As for GPP, the spatial resolution for GPP of FLUXCOM was 0.5°, and the temporal resolution was a year. We first averaged the FLUXCOM data from 2003 to 2013 and multiplied it by 365 to calculate the annual total. Next, FLUXCOM data were interpolated bilinearly to the center of each study site. The interpolated GPP of FLUXCOM were compared to the annual total GPP estimated in this study.
The aboveground biomass of Liu et al. (2015), 0.25°annual mean data, was averaged from 2003 to 2012. Next, it was spatially interpolated by the same procedure used for interpolating FLUXCOM parameters, and cross-compared with the annual mean aboveground biomass estimated in this study.
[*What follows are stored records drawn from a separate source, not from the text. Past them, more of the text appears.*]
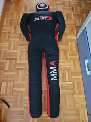 Muñeco de práctica para artes marciales. - Diseño en color negro y rojo. - Logo de BLIST en el torso. - Inscripción MMA en una pierna. - Viene Relleno. - 1.70m aprox.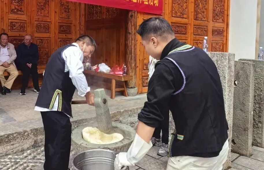 村民們圍在一起舂糍粑,傳遞“勤儉持家、鄰里和睦”的理念。寧德文明網(wǎng)供圖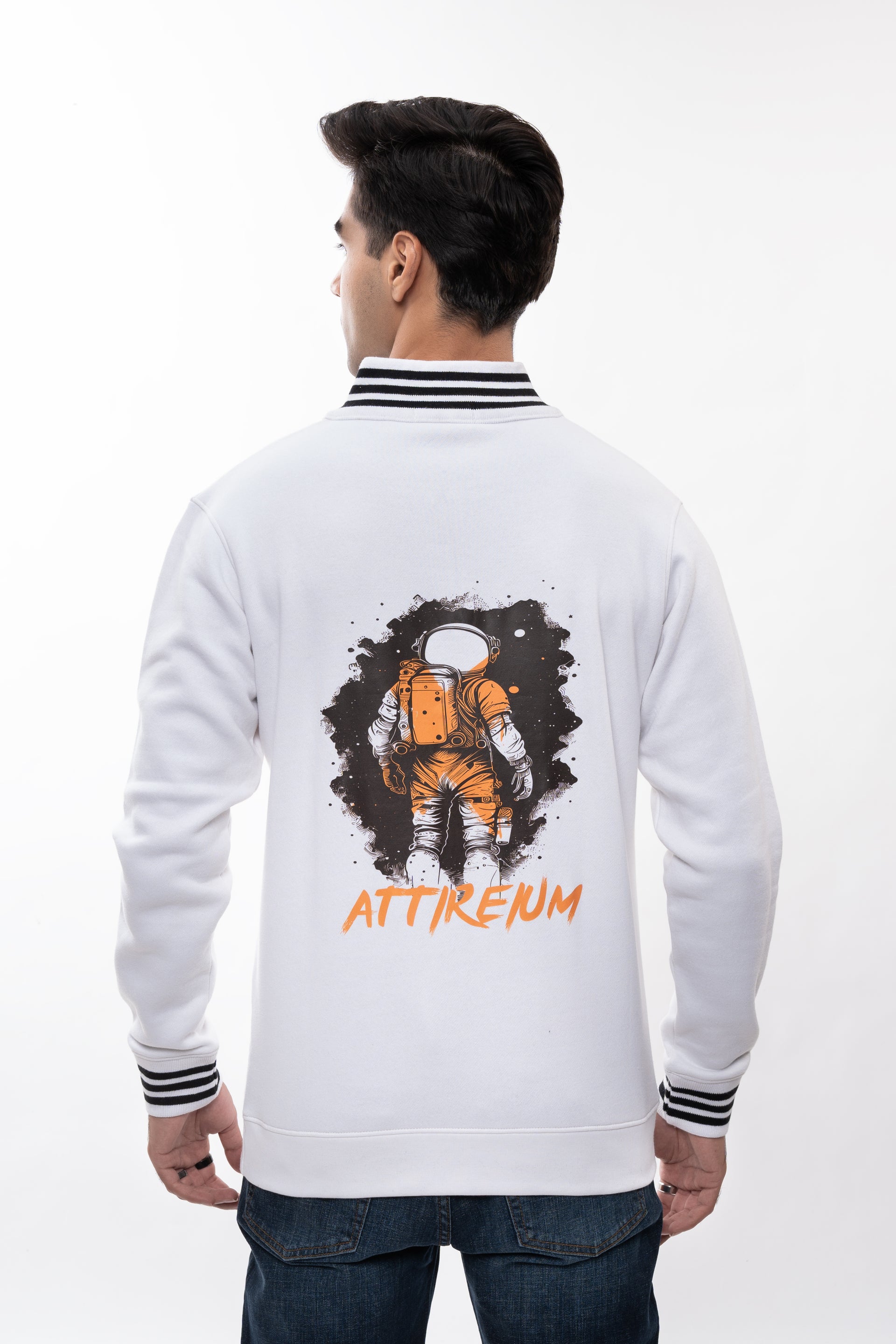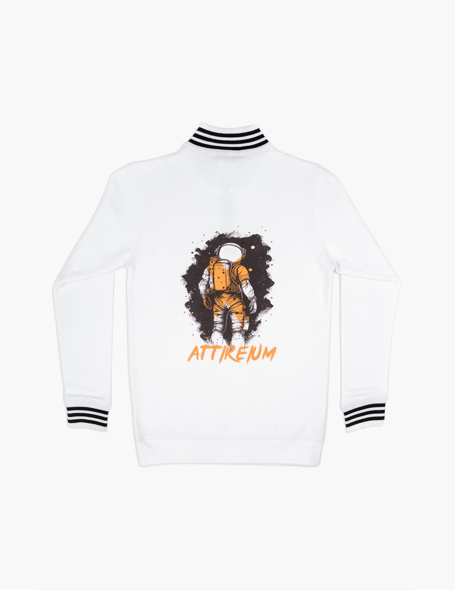 Embrace a modern and adventurous look with our White Half-Zip Pullover, featuring a unique astronaut graphic on the back. Perfect for those who seek both comfort and style, this pullover is an ideal choice for casual outings and cool-weather layering.

The spatial resolution for tree LAI of Kobayashi et al. (2010) was 1/112 of a degree, and the temporal resolution was 10 days. Kobayashi et al. (2010) had a higher spatial resolution than the one in this study. We first calculated the average LAI from 2003 to 2013 for each grid/DOY combination, and subsequently calculated the annual maximum for each grid. Finally, we calculated the median of the maximum at each study site (i.e., within a 30-km radius) for comparison with the annual maximum tree LAI that we estimated.
The results for the lower latitudes south of 60°N were not stable: this will be discussed as “limitations of this study” in the discussion section. We therefore used results for latitudes higher than 60°N to construct a scatter plot of the relationships between estimates in this study and those of previous reports. We used Pearson's correlation coefficient (Cor) to examine relationships in the data collected for the same area.